Registering that Vito had heard that unplanned statement, Ava turned a painful beetroot shade, her discomfiture intense. But she hadn’t wanted her siblings to get any ambitious ideas about where her relationship with Vito might be heading and a dose of plain speaking had seemed the best approach to take. Ava watched as her siblings reacted predictably to Vito’s stunning good looks and white-hot sex appeal. Gina stared at him transfixed while Bella giggled ingratiatingly at almost everything he said. Vito, in comparison, was smooth as silk as he invited her sisters to the Christmas party and asked them about their children. As distanced as though she were on another planet while she had that all-important letter still clutched in her hand, Ava learned that Bella had given birth to a baby boy the previous year, a brother to round out her trio of daughters. Gina, of course, never as child-orientated, still had only one child, a ten-year-old son, and a successful career as a photo-journalist.
Ava was stunne
d to hear Vito invite her sisters and their husbands to attend the private lunch that was always staged for his closest friends before the party kicked off in the afternoon.
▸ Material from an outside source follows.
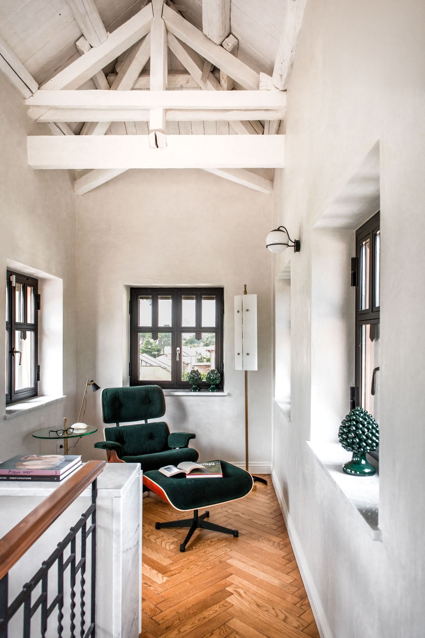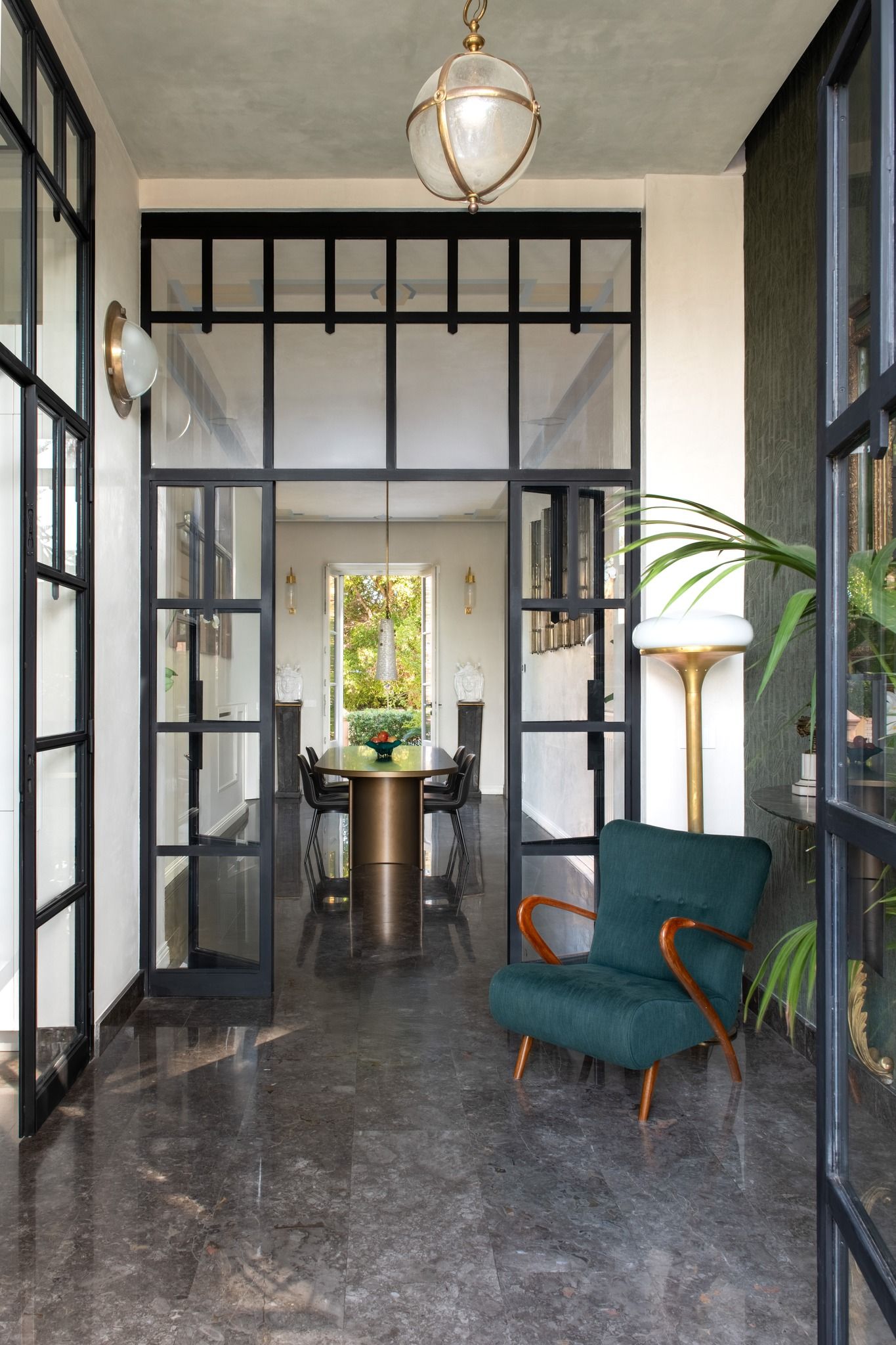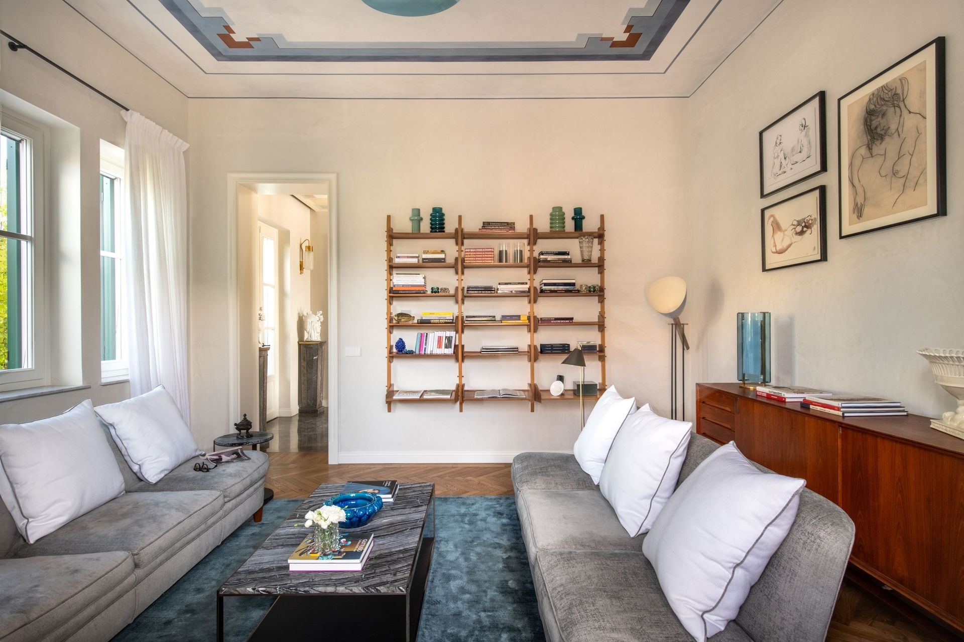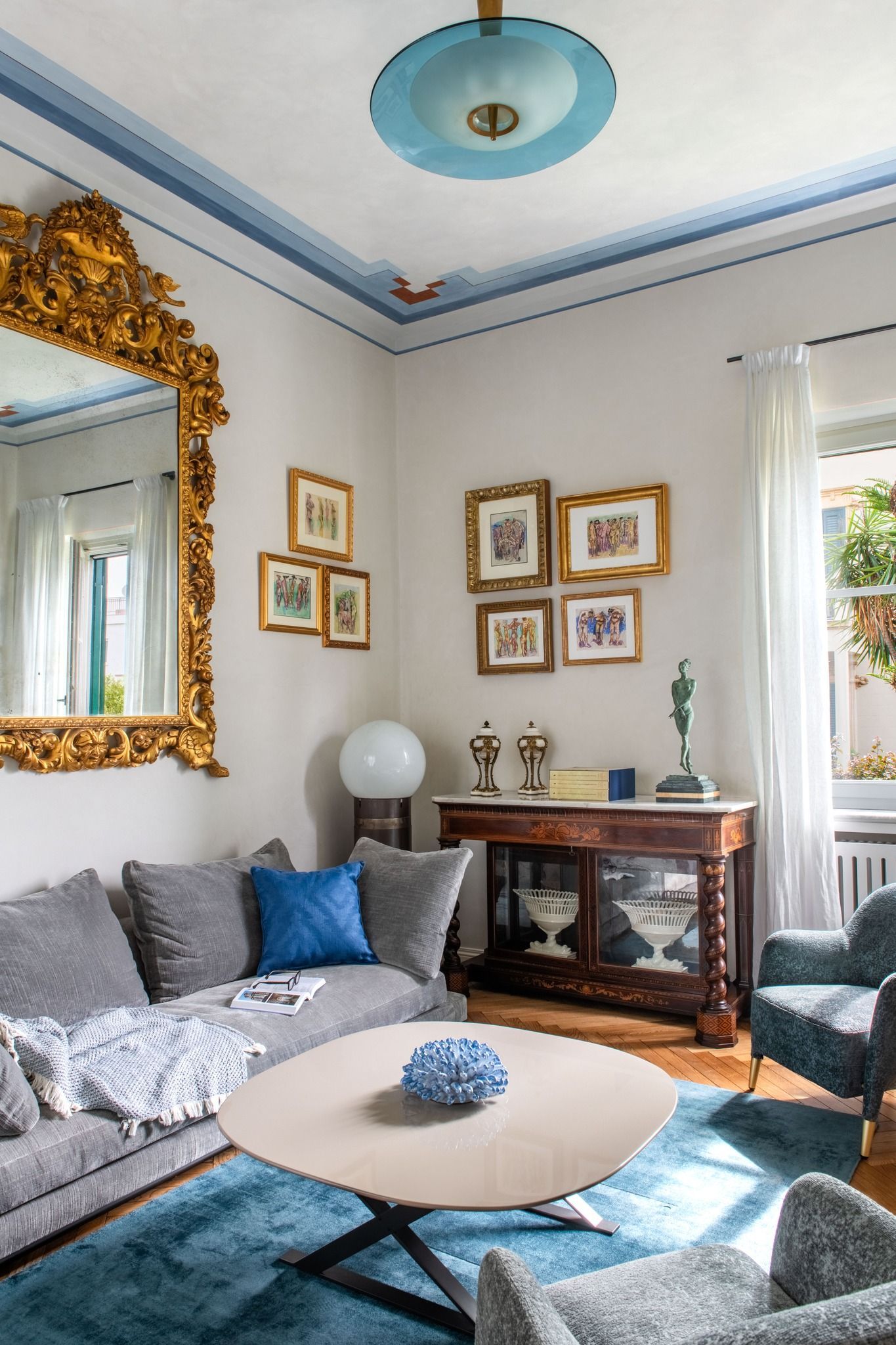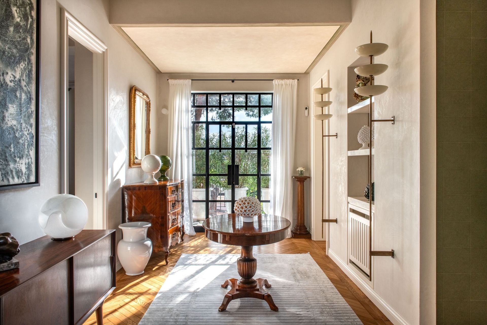 Il proprietario, un attento e colto collezionista, cultore del 900, ha personalmente contribuito alla scelta degli arredi e degli apparati decorativi che completano la casa orientato verso una scelta di arredamento ibrida nella quale convivono pezzi di antiquariato con arredi classici del design contemporaneo.

‘Why did you do that?’ she demanded accusingly when her siblings had gone.
‘It seemed polite and you do want your sisters back in your life again, don’t you?’ Vito asked levelly.
‘Sort of …’ Too much had happened too fast for Ava to be sure of what she wanted, aside of Vito. He was the one constant she did not need to measure in terms of importance and that hurt as well. How could she have been stupid enough to let her guard down and fall for him again?
‘What’s wrong?’ Vito prompted, watching troubled expressions skim across her expressive face like fast-moving clouds.
Ava explained about the letter.
‘Why haven’t you opened it yet?’
‘I’m afraid to,’ she admitted tightly, her blue eyes dark with strain. ‘Bella implied it would be disappointing. It’s one thing to imagine, something else to actually see her words on paper. If it’s unpleasant those words will live with me for ever.’
‘Maybe I should open it for you …’ Vito suggested.
But such a concession to weakness was more than Ava could bear and she slit open the envelope to extract a single piece of lined notepaper adorned with Bella’s copperplate script.